Y el hombrecito escribió en la planilla de inmigración lo que se le decía. No podía creer que hubiera falsedad alguna en aquella cadena segura y certera de palabras bien pronunciadas y puestas todas en su santo lugar. Más adelante, las puertas electrónicas se abrieron a toda velocidad para dar paso a la gloria inmarcesible que nos llegaba desde las alturas de la Suiza de América. «Buenos dias, buenos aires, señor, soy de allá pero no voseo. Soy una maravilla en lo que usted desee, señor. Tengo un amplio currículo y una inmensa canícula para cualquier oficio, ocupación o profesión. Haré lo que usted mande, señor. Quiero decirle también, señor Bruca, que lo que mejor practico es la investigación privada, que he sido por más de treinta años investigador de la vida privada de mucha gente, soy sabueso y sabroso (Experto en archivo, balística y criminología). Aquí vengo a rendirme a sus pies, señor, Bruca, sí, me ha dicho su merced que se llama Bruca Maniguá, pero supongo que eso debe ser un nombre artístico o algo parecido, ¿no, señor? (Abundoso en criptografía e implacable en dactiloscopia). Si no lo es, disculpe usted, jefe, claro, ya puedo llamarlo jefe, a partir de este momento es usted mi jefe y asumo mi conducta de subordinado (Ducho en derecho penal y maestro grafotécnico). Porteño, si, supongo que es porteño y debe saber que la gente que más admiro en mi país es la porteña. Son seguros, decididos, arriesgados (Nadie me supera en medicina legal y peritaje) No se parecen a los tucumaneses que por el contrario son temerosos, embusteros y aduladores, (implacable en defensa personal). No, no, no se preocupe, estoy bien aquí, de pie, ya sabe usted que como bien dijera Don Jacinto Benavente los árboles son poemas que mueren de pie quebrado, parados. (¿No fue él), es decir, señor, quiero demostrarle que soy desde este momento su más ferviente servidor y que precisamente he venido a este pais a trabajar con hombres como usted, (¡ni qué decir de mis profundos conocimientos en psicología criminal!). Si me necesita, señor, llámeme, no le importe la hora, llámeme y úseme (no encontrará a nadie mejor en retratos hablados), utilice mis servicios, pues, le aseguro que no se arrepentirá…

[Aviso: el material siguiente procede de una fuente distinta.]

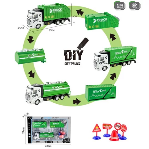 City Truck Átalakítható szemétszállító teherautó jelzőtáblákkal 1/48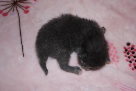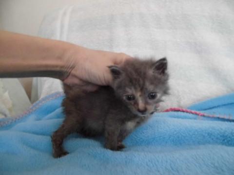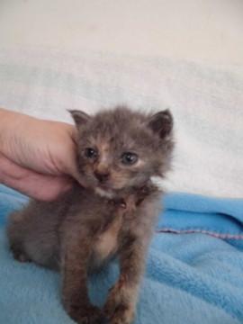 かわいいパステルさびのかれんちゃんです。一見グレーですが、サビ猫ちゃんです。コロコロした体型とサビ特有のビックリ顔がとってもかわいらしいです。まだ小さいので性格ははっきりわかりませんが、ミルクから育てているので大変人懐こくなりますし、撫でてやるともうゴロゴロ言っています。乳飲み子にしては大柄なので、大きい子に育つかもしれません。

Y Bruca, conocedor absoluto de la verborrea de su propia raza, no se detuvo a pedir aclaratorias sobre lo de los habitantes de Tucumán; había decidido nombrar a Ramón Salomón ayudante de órdenes, que era un cargo creado en su empresa para que no fuera igual que las demás. Ayudante de órdenes quería decir entonces cumplidor de mandatos o ejecutor de exhortaciones. Ramón Salomón sintió que lo estaban nombrando y que eso era lo más importante. De lo demás se encargaría él con su astucia y con sus dotes de buen saltarin. Lo primero que haría sería tratar de desplazar al otro entrometido que hacía de socio de la oficina. Luego vendría el paso final: adueñarse de lo que aún no era suyo pero que podía llegar a serlo. Tres meses transcurrieron y un socio de la compañía era echado por malversación de fondos malhabidos. Garzón se sentó entonces en el sillón de su antecesor e intuyó que era la oportunidad para fumar su primer habano. «Lo demás viene por añadidura», se dijo, antes de acercar el cenicero y colocar sus zapatos de charol sobre el escritorio.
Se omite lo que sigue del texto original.